The night was a neon blur of spinning reds and blues. Shouting, sirens, the hiss of breaks and the roar of engines filled the air and felt like narrow shards of glass stabbing into her face.
“Daddy!” Taani’s everything ached. She rolled to one side and arched her long neck down to run her fingers through her bright pink mane. It was stiff with gel and other things. Her rough fingertips passed over a cut. “Daddy!”
She knew it was stupid to call him. He’d been gone for ten years and no amount of bawling was going to bring him back. It didn’t stop her from wanting him though.
The giraffe tried to stand and found one of her heels had gone missing. Her skirt that could barely be called a skirt was deeply stained from the gash on her hip. She couldn’t see straight. The corners of her eyes were puffy and crusted with the double dollar rocks she’d ground and sprinkled into them earlier that night. They called it stardust. It made your wishes come true.
Where was that wailing coming from? What were those lights? Taani used the hood of a car to guide herself. Heat rolled off her fur and tried to tug the air from her runny nose. She couldn’t breathe in or out. Choker after choker and necklace after necklace was tugged off and shed like snakeskin as she stumped towards the pulsing lights. They looked like the dance floor. Her pounding head was the thumping music. The sirens, her favorite singer. She’d taken a tumble. That was all.
“Ma’am?”
Ma’am. Taani snorted bitterly and coughed phlegm from her long throat. Ma’am was what you called old women. Taani was not old! She hadn’t a grey hair in her tail.
“Ma’am, you are bleeding!” A strong paw grabbed Taani’s upper arm and held on.
“Get off me!”
“Ma’am, you’re in shock. We need you to sit down.”
Taani slowly brought her head around to glower at the grey and blue blob that was kind of policeman-shaped. “No. This is my song.”
The policeman slicked his ears back and shook his head. Another space case. He refused to let go and called over some more blobs. It took two wolves and a boar to get the woman seated. She swore at them the entire time and insisted on getting back up because somebody was waiting for her at the counter. The boar in bright yellow leaned up to shine his penlight in her eyes. One of the wolves drilled her for questions that he got no answers to. The other rubbed the soft spots under her eyes and barked commands into a small wrist radio.
Eventually, Taani found herself on the sidewalk, alone at last, and wrapped in the equivalent of a futuristic Snuggie™.
This was the worst dance ever.
Her huge, hoop-heavy ears swiveled around, trying desperately to scoop up any stray notes of the song she’d been swaying to less than an hour ago. Enormous, hazy eyes struggled to focus on anything that wasn’t the flashing lights of the police cars. Her stomach clenched. With a groan, she leaned over and vomited, accidentally on purpose, onto the emergency kit the boar had abandoned in favor of skunk that had surfaced from the rubble.

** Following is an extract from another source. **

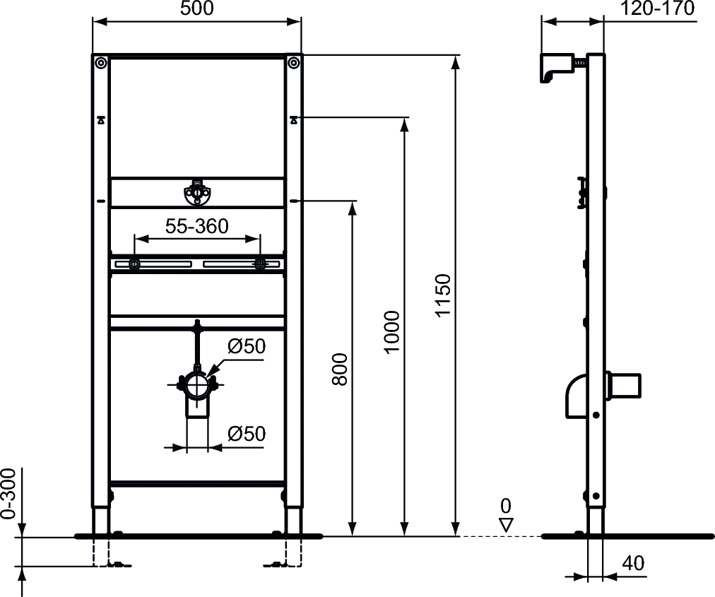 Instalacja: zabudowa podtynkowa z mocowaniem ściennym. Odporność na korozję i obciążenia do 130 kg. System montażu zapewniający szybką i łatwą instalację. Wsporniki z blokadą ułatwiającą montaż i regulacją wysokości w zakresie od 0 do 300 mm. Minimalna głębokość montażu 120 mm. Regulacja wysokości i rozstawu mocowania pisuaru. Elementy w komplecie: Standardowy zestaw montażowy do pisuaru. Kompletny zestaw montażowy, wraz ze wspornikami ściennymi. Kolano rury odpływu. Przyłacza kątowe do baterii G ½ - 1 szt.

“Stupid.” She spat in attempts to get rid of the taste of that fruity little Rocket Bomb Whatever with the umbrella. It didn’t taste as good the second time down. Her eyes burned. Now her throat burned. Sound began to fall in strings from the ball of static and noise that had been surrounding her. She could pick words that were shouted more than three feet away from her apart from one another. Some of the words, Taani noticed, were not words at all. They were gulping sobs. The squeal of static and the shrill call of sirens untwined. No one was singing. She could sort out the hiss of engines from the hiss of…
Taani squinted and discovered a light she had missed completely. It came from a billowing flame that all but swallowed the building she’d stumped away from. It grew up between shattered siding like wild, red weeds and licked greedily at the tilting telephone poles. There was a gaping hole in one corner of the structure that dropped down into what used to be the basement like a yawning mouth lined with jagged, vinyl teeth. Streams of water arced through the air and lashed at the tongues, keeping them contained where they would starve and dwindle.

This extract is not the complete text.